Directions: Up to and including the line with "Please note that", restate every line of the records below word for word, from the first line on, leaving out the pictures.

======== Data for the task ========

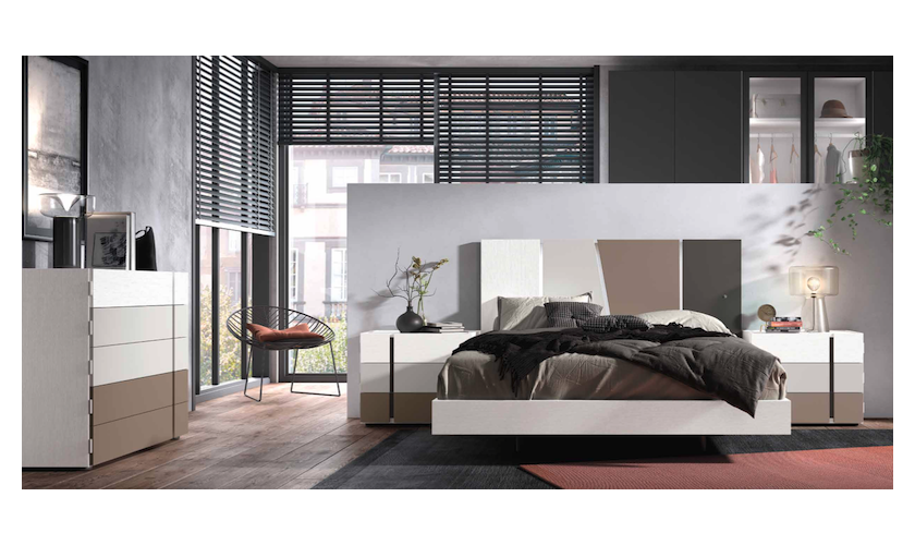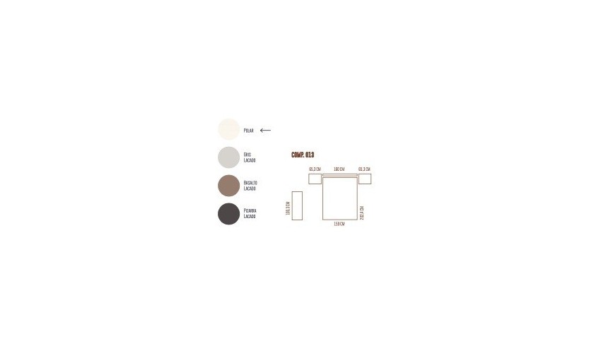 Cabezal Wanda 160x115, bancada volada recta base 150x190, mesita 3 cajones derecha 65.3 vertical, mesita 3 cajones izquierda 65.3 vertical, comodín 5 cajones derecho 100.3.
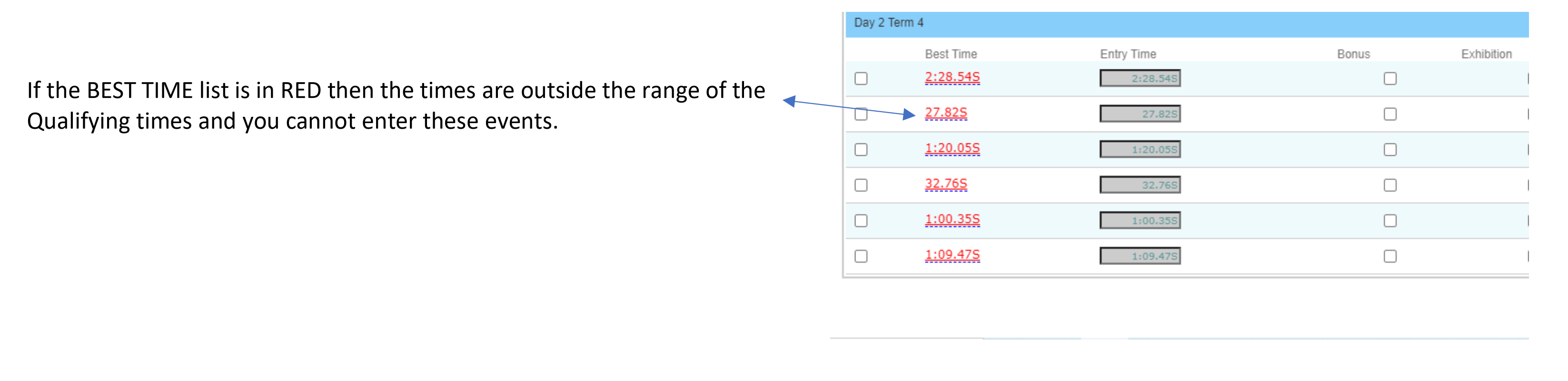 Please note that times have an S for short course time or L for long course time. The file from the meet will search out the swimmers fastest time and convert it to the meet pool length. In this case you might think the times are incorrect but there is a recognised system that converts times between pool lengths. Any queries about times should be directed to Stevie Dixon at [email protected]
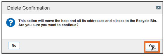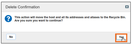 Navigate through the user interface to verify the Host record is moved to the recycle bin.
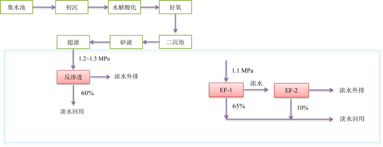 杭州易膜環(huán)保則根據(jù)中水回用需求,針對性開發(fā)兩款節(jié)能膜產(chǎn)品EF-1、EF-2,替代常規(guī)的反滲透膜組件。我國是紡織印染大國,每年約有6~7億噸印染廢水排入水環(huán)境中,占整個工業(yè)廢水排放量的35%,因此我公司選用印染廢水作為回用試驗進水,在回用流程基礎(chǔ)上,使用EF-1替代原先的反滲透膜組件,有效降低運行壓力至1.1 MPa、提升系統(tǒng)回收率至65%;同時,將EF-1濃水側(cè)直接與EF-2膜組件相連,利用EF-1膜組件系統(tǒng)濃水殘留的驅(qū)動力,進一步獲得10%的產(chǎn)水,即將整體系統(tǒng)廢水排放率由初始的40%減少為25%。由于該工藝只增加了EF-2膜組件系統(tǒng),免除中間水箱、增壓泵及高壓泵等輔助設(shè)備,所需投資成本有限。
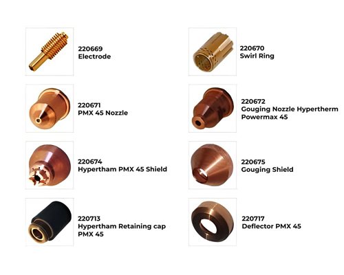 Hypertherm and Other branded consumables are Registered Trademark of the OEM company.Inc. Royal Welding Products & Services Is no way affiliated with the above named manufacturers and their registered trademarks or any patents. Reference to the above named machines, torches, consumables and their part numbers are for convenience only.
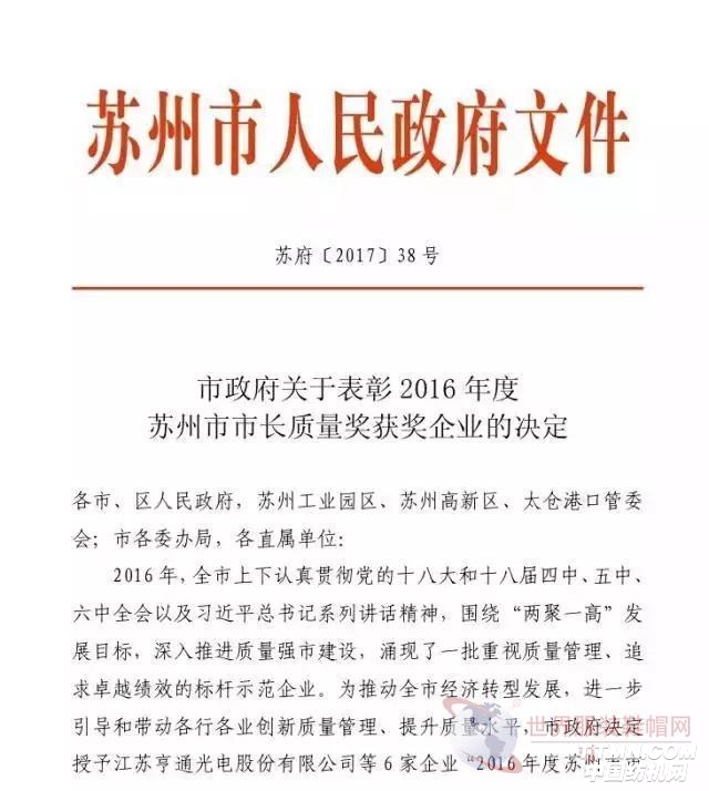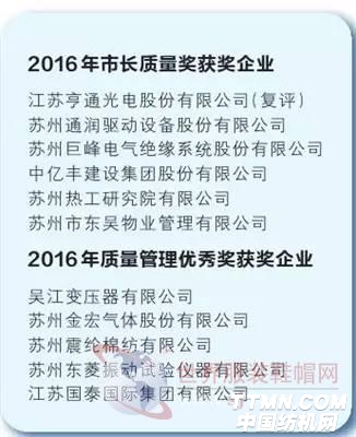 蘇州市質量管理優秀獎由市政府設立。據悉,在《市政府關于表彰2016年度蘇州市市長質量獎獲獎企業的決定》中,2016年全市共5家單位獲蘇州市質量管理優秀獎,公司作為吳江區唯一一家入選參評的紡織企業,榜上有名。
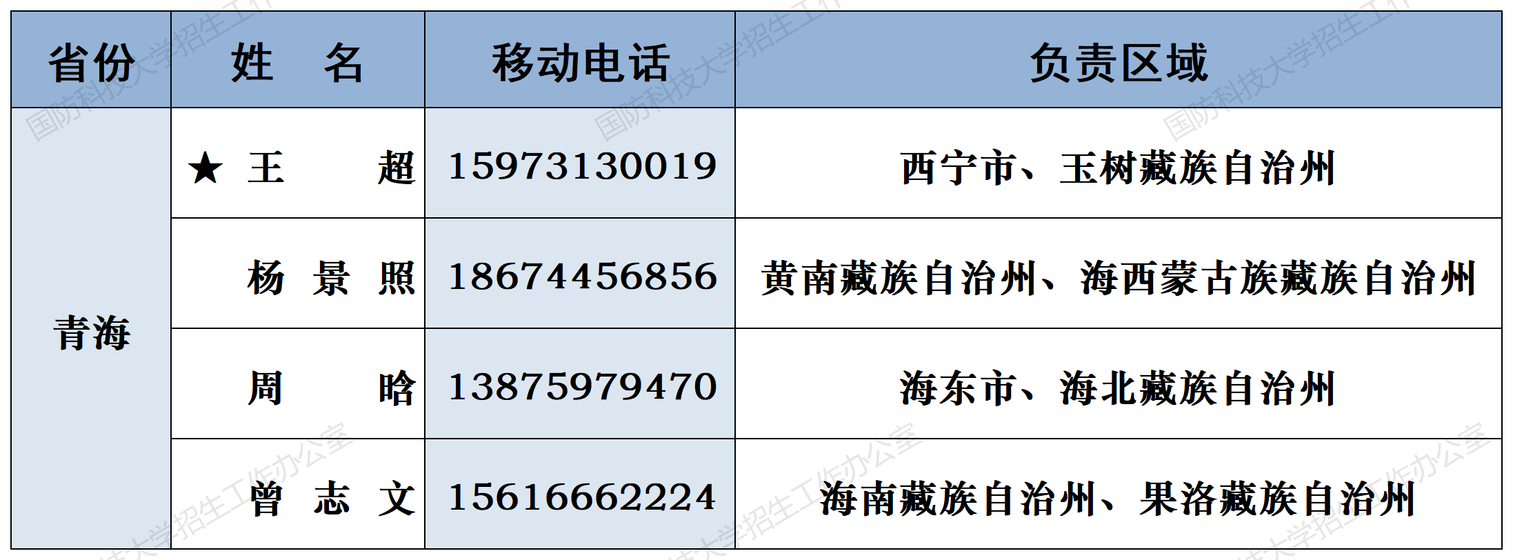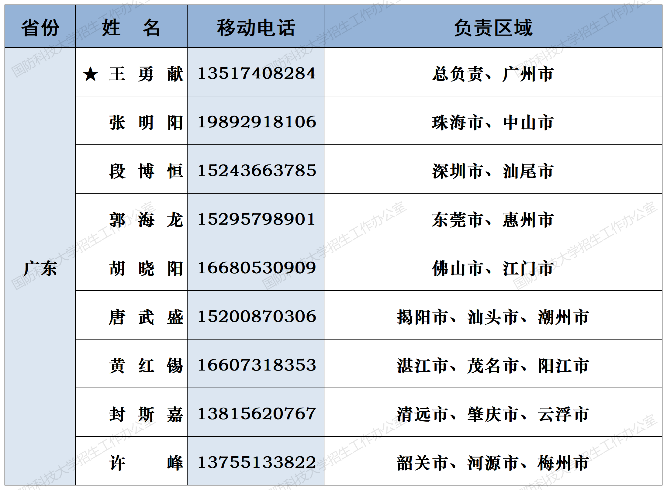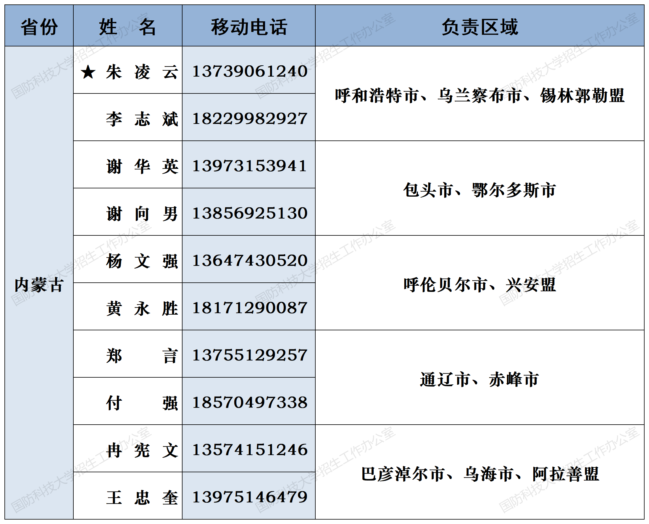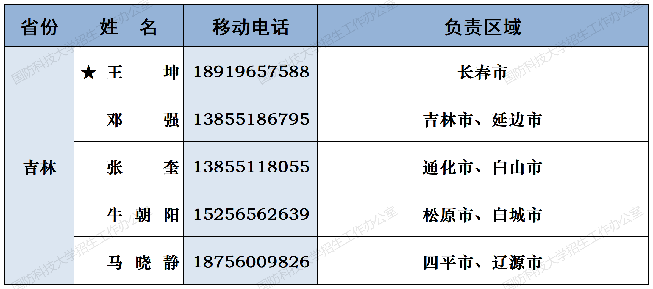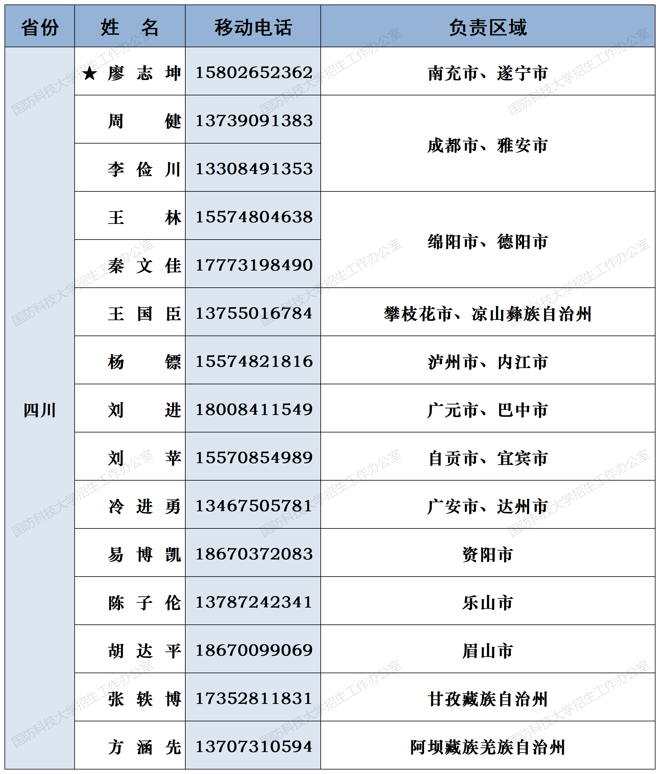 注:姓名前加“★”为各省(直辖市)招生组组长;若所在地域未明确招生老师,考生和家长可选择招生组组长或临近地域招生老师进行咨询。

========

Final answer:
 Cabezal Wanda 160x115, bancada volada recta base 150x190, mesita 3 cajones derecha 65.3 vertical, mesita 3 cajones izquierda 65.3 vertical, comodín 5 cajones derecho 100.3.
 Please note that times have an S for short course time or L for long course time. The file from the meet will search out the swimmers fastest time and convert it to the meet pool length. In this case you might think the times are incorrect but there is a recognised system that converts times between pool lengths. Any queries about times should be directed to Stevie Dixon at [email protected]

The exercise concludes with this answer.